Implement ML-based card detection and classification

2026-05-08 23:30:57 +02:00 · 2026-05-08 23:30:57 +02:00 · 073d395ae6
commit 073d395ae6
parent 9b427d2df8
5 changed files with 274 additions and 81 deletions
--- a/ML_SETUP_GUIDE.md
+++ b/ML_SETUP_GUIDE.md
@ -0,0 +1,81 @@
+# Jass Card Detection ML Setup Guide
+
+This document outlines the strategy and implementation details for transitioning the card detection system from basic color thresholding to a deep learning-based object recognition pipeline.
+
+## 1. Architecture Overview
+The system uses a **Hybrid Pipeline** to balance performance on mobile devices with high accuracy.
+
+**Workflow:**
+`Camera Feed` $\rightarrow$ `Image Processing (Localization)` $\rightarrow$ `Card Cropping` $\rightarrow$ `ML Classifier (Identity)` $\rightarrow$ `Game State Update`
+
+1.  **Localization**: Uses brightness and shape analysis to identify bounding boxes of cards (existing logic in `Detection.tsx`).
+2.  **Classification**: Crops each detected card and passes it through two specialized TensorFlow.js models to determine the **Suit** and the **Value**.
+
+## 2. Data Collection & Labeling
+Because Jass cards have unique iconography, we use a custom dataset created from internet samples.
+
+### Labeling Strategy: Folder-Based Annotation
+Instead of using bounding-box tools, we use the directory structure as labels.
+
+**Directory Structure:**
+```text
+dataset/
+├── suit_model/
+│   ├── Schellen/  (Bells)
+│   ├── Schilten/  (Shields)
+│   ├── Eicheln/   (Acorns)
+│   └── Rosen/     (Roses)
+└── value_model/
+    ├── 6/
+    ├── 7/
+    ...
+    └── 13/
+```
+
+### Process:
+1.  **Sourcing**: Collect 30-50 images per class from Swiss-German Jass deck galleries.
+2.  **Cropping**: Crop the center of the card for the Suit model and the corners for the Value model.
+3.  **Augmentation**: Use a script to generate variations:
+    *   Rotations ($\pm 15^\circ$)
+    *   Brightness/Contrast shifts
+    *   Gaussian noise to simulate mobile camera grain.
+
+## 3. Model Training (Python)
+We use **Transfer Learning** to minimize the required dataset size.
+
+*   **Base Model**: MobileNetV2 (pre-trained on ImageNet).
+*   **Modification**: Remove the final 1000-class layer and replace it with a Dense layer matching the number of labels (4 for suits, 8 for values).
+*   **Optimization**:
+    *   Loss: `categorical_crossentropy`
+    *   Optimizer: `Adam`
+    *   Regularization: Dropout (0.2) to prevent overfitting.

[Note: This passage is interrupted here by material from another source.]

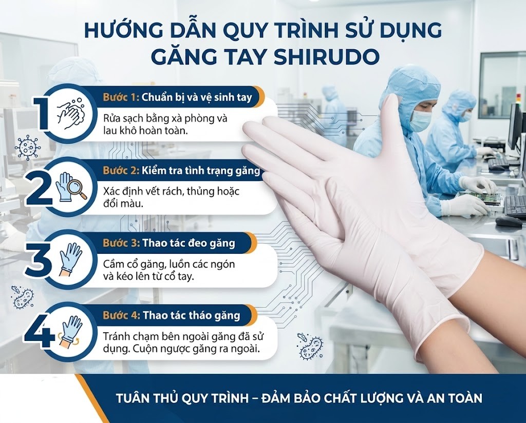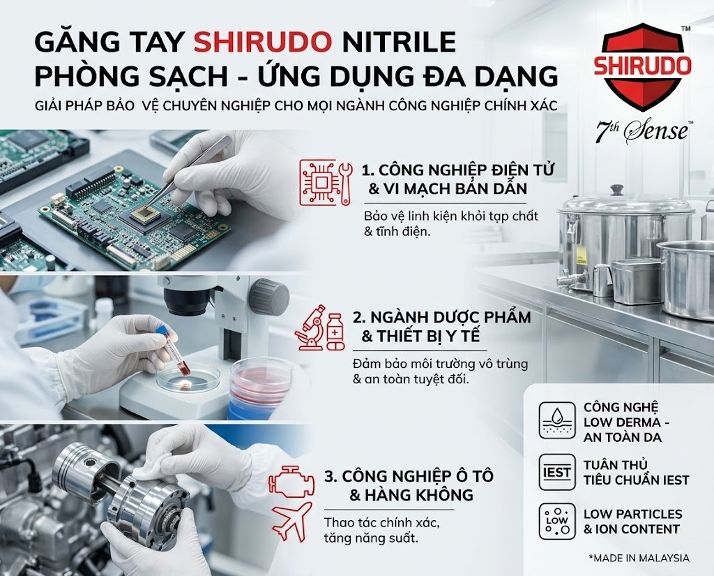 Trong sản xuất linh kiện điện tử, bán dẫn và dược phẩm, kiểm soát hạt bụi cùng hiện tượng phóng tĩnh điện là yếu tố sống còn. Để đáp ứng tiêu chuẩn khắt khe của môi trường phòng sạch như Class 100 hay Class 1000, găng tay Shirudo đã trở thành vật tư tiêu hao chuyên dụng bắt buộc.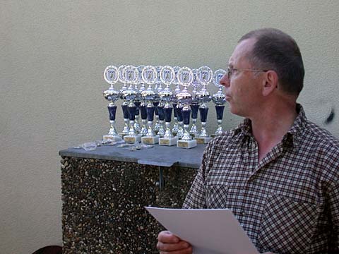 Gerhard, a vezérfarkas (mert hogy valami farkasos nevű egyesület a helyi FT-klub) a kupákkal.

+*   **Target Size**: 64x64 pixels.
+
+## 4. Conversion & Deployment
+Once trained in Python, the models are converted to the TensorFlow.js format.
+
+**Conversion Command:**
+```bash
+tensorflowjs_converter --input_format=keras /path/to/model.h5 /public/models/suit_model
+```
+
+**Deployment Path:**
+The app expects the models in the public directory:
+*   `/public/models/suit_model/model.json`
+*   `/public/models/value_model/model.json`
+
+## 5. Frontend Integration
+The integration is handled by `src/services/CardModelService.ts`.
+
+*   **Initialization**: Models are loaded in parallel during `App.jsx` mount.
+*   **Inference**:
+    *   Tensors are created from the `canvas` crop.
+    *   Normalization is applied (`div(255.0)`).
+    *   `tf.tidy()` is used to wrap operations and prevent WebGL memory leaks.
+*   **Fallback**: If models are missing or fail to load, the app automatically reverts to the legacy color-analysis detection to ensure the app remains functional.
+
+## 6. Validation Metrics
+To verify the setup, the following metrics should be measured:
+1.  **Inference Latency**: Time from "Scan Table" click to result (Target: < 500ms).
+2.  **Classification Accuracy**: Percentage of correct identifications on a hold-out test set.
+3.  **Memory Footprint**: GPU memory usage during scan.